But God rebuked them: "Is anything too hard for the Lord?" (18:14). And so Abraham made another counter-intuitive and subversive choice; he believed that God had the power to perform what He had promised. He trusted that God is a God who "gives life to the dead and calls things that are not as though they were" (Romans 4:17, 21). Abraham moved beyond his fear of powerlessness to faith that God could, quite literally, make something out of nothing. After several false starts that included repeatedly lying about his wife, and bearing children by his slave Hagar, Isaac, the son of promise, was born. 
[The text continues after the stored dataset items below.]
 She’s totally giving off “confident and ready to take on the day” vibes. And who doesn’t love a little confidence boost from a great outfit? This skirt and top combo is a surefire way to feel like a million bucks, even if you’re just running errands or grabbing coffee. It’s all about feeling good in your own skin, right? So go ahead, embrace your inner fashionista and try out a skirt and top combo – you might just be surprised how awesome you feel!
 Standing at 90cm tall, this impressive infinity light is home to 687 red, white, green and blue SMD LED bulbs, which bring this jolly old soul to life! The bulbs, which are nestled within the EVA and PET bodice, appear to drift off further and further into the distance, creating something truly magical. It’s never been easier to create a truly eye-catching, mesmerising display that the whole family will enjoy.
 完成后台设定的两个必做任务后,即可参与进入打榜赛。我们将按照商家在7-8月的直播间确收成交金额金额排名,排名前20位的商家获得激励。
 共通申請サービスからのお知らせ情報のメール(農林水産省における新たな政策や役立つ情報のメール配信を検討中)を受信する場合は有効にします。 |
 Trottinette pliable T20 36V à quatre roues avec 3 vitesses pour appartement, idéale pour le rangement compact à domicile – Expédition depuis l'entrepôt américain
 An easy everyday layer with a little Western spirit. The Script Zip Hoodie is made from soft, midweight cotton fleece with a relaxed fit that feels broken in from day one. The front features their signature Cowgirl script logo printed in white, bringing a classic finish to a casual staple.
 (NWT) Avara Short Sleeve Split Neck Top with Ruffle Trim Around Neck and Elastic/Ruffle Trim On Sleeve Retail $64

When God called him, Abraham subverted conventional wisdom and moved beyond understandable human fears — ignorance, inclusion, and impotence. Instead of lamenting his ignorance and the loss of control, he embarked upon a journey into the unknown. Instead of fearing inclusion of the strange and the outsider, he gave himself to God's promise of a universal blessing for the whole earth. In the face of his profound impotence, he believed that God could do the impossible. In doing so, Abraham became "the father of us all."

Weekly Prayer

Mary Oliver (1935–2019)

The Journey

One day you finally knew
what you had to do, and began,
though the voices around you
kept shouting their bad advice —
though the whole house
began to tremble
and you felt the old tug
at your ankles.
"Mend my life!"
each voice cried.
But you didn't stop.
You knew what you had to do,
though the wind pried
with its stiff fingers
at the very foundations,
though their melancholy
was terrible.
It was already late
enough, and a wild night,
and the road full of fallen
branches and stones.
But little by little,
as you left their voices behind,
the stars began to burn
through the sheets of clouds,
and there was a new voice
which you slowly
recognized as your own,
that kept you company
as you strode deeper and deeper
into the world,
determined to do
the only thing you could do —
determined to save
the only life you could save.

From Mary Oliver, Dream Work, 1994.

Mary Oliver's numerous awards include the National Book Award and the Pulitzer Prize. With over thirty books to her credit, The New York Times described her as "far and away, this country's [America's] best-selling poet" (Wikipedia).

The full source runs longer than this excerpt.